God in the (Pitching) Machine

Not long after a rain delay of 101 minutes, Albert Pujols slipped on the plastic on-deck logo that had become dangerously slick while chasing Jose Reyes' foul pop near the Cardinals' dugout in the eighth inning.

Pujols said the thought crossed his mind that the logo was going to come into play just before he slipped. He landed hard on his back and was down for several minutes before deciding to stay in the game. This is, of course, now very, very old news. Pujols' back injury, Grimsley, and any number of other stories have taken center stage. But I want to point us back a few weeks to the ESPN story, replete with quotes from the man himself.

"Right before I called for the ball I knew I was going to step on it, I think, and I knew I was going to have problems with it," Pujols said. "Hey, it happens. I'm glad it only had to happen one time before they took it out."Pujols said his upper back took the brunt of the impact, and he also felt his neck pop, but somehow he avoided banging his head, too. "It could have been worse," he said. "I could have broken my neck, I could have broken my back.
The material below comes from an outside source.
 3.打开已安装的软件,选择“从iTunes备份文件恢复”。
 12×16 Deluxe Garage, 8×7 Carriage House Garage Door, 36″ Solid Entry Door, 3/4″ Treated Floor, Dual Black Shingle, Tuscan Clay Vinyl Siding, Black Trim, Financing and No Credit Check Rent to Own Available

The good Lord was watching me."

Ever since this entire nation finally gave into it's crush on Albert, (most waiting until the MVP last season to make it official) information on his squeaky-clean life has been hard to avoid. I know about his charity work, his marriage and his history. This article isn't meant to take him to task, or to spread steroid rumors. Even though the proof on Bonds took my baseball innocence, I won't start a witch hunt with Albert (though I won't ignore the warning signs I've been seeing either).
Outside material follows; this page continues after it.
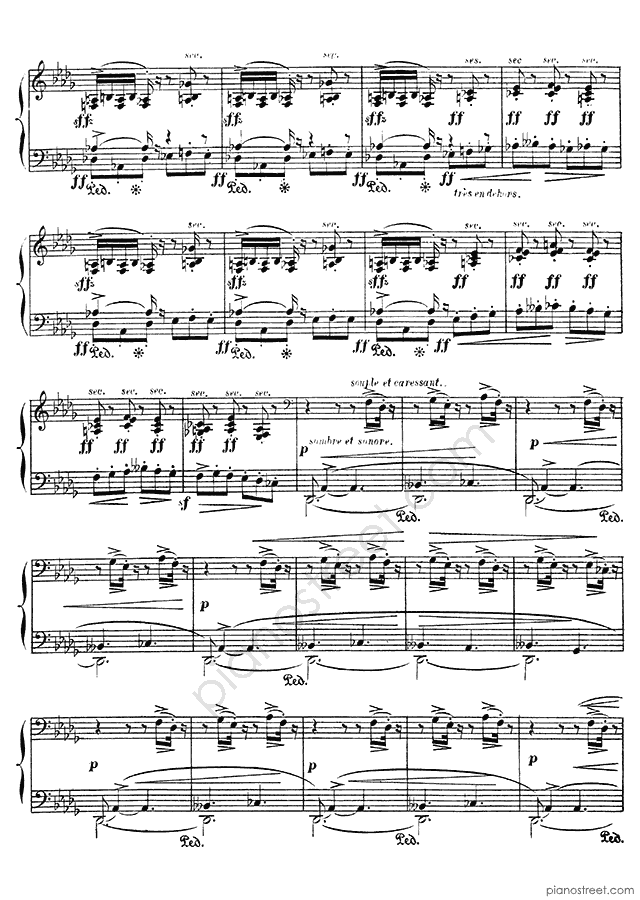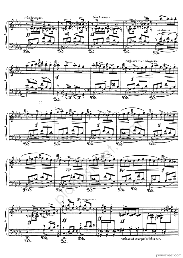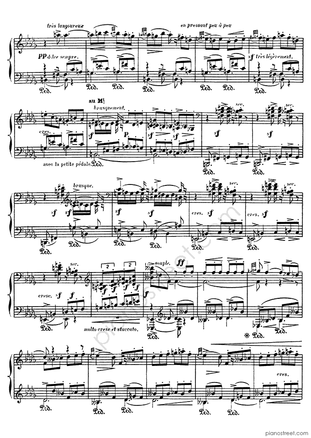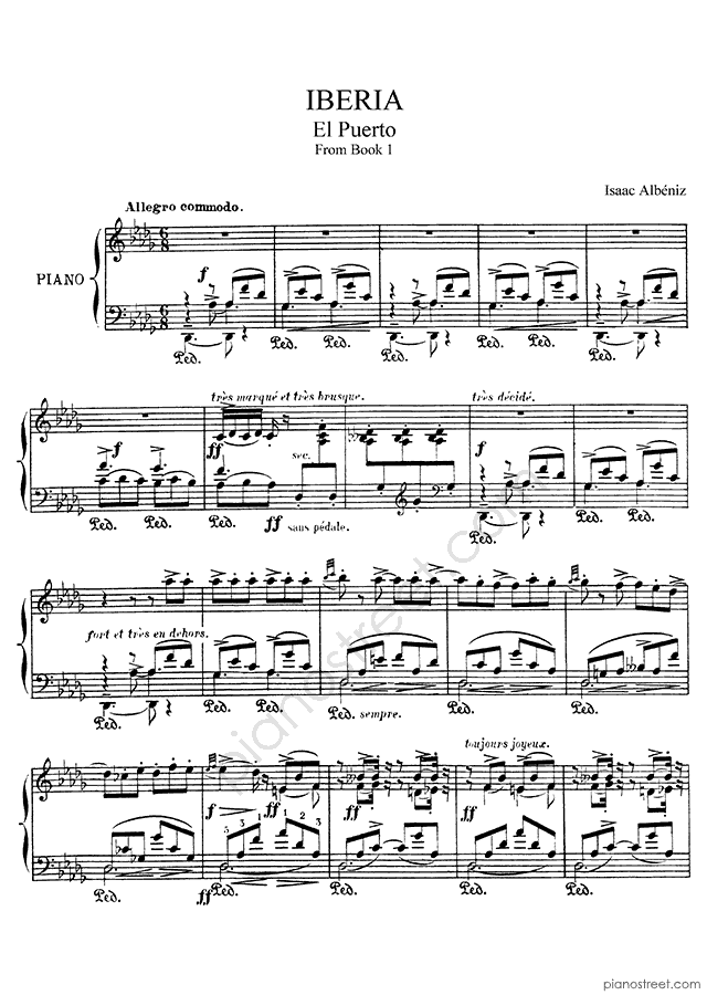 Piano sheet music and recordings. This piece is from Iberia by Isaac Albéniz: El Puerto No. 2 in D-flat Major (published in 1906) . Level 7, Period: Late Romantic

I'm sure God didn't want any harm to come to Albert, but was he really 'watching over him?' When Americans troops are being killed and maimed in war? When tens of thousands in this country go hungry and homeless every night? Sure, he's a good guy, and you might as well call him the Ned Flanders of baseball, (chiseled upper body, Churchy McChurch) but we need to stop indulging atheletes who think that God cares about touchdowns, home runs, strikeouts and freethrows. God has better things to do than watch baseball.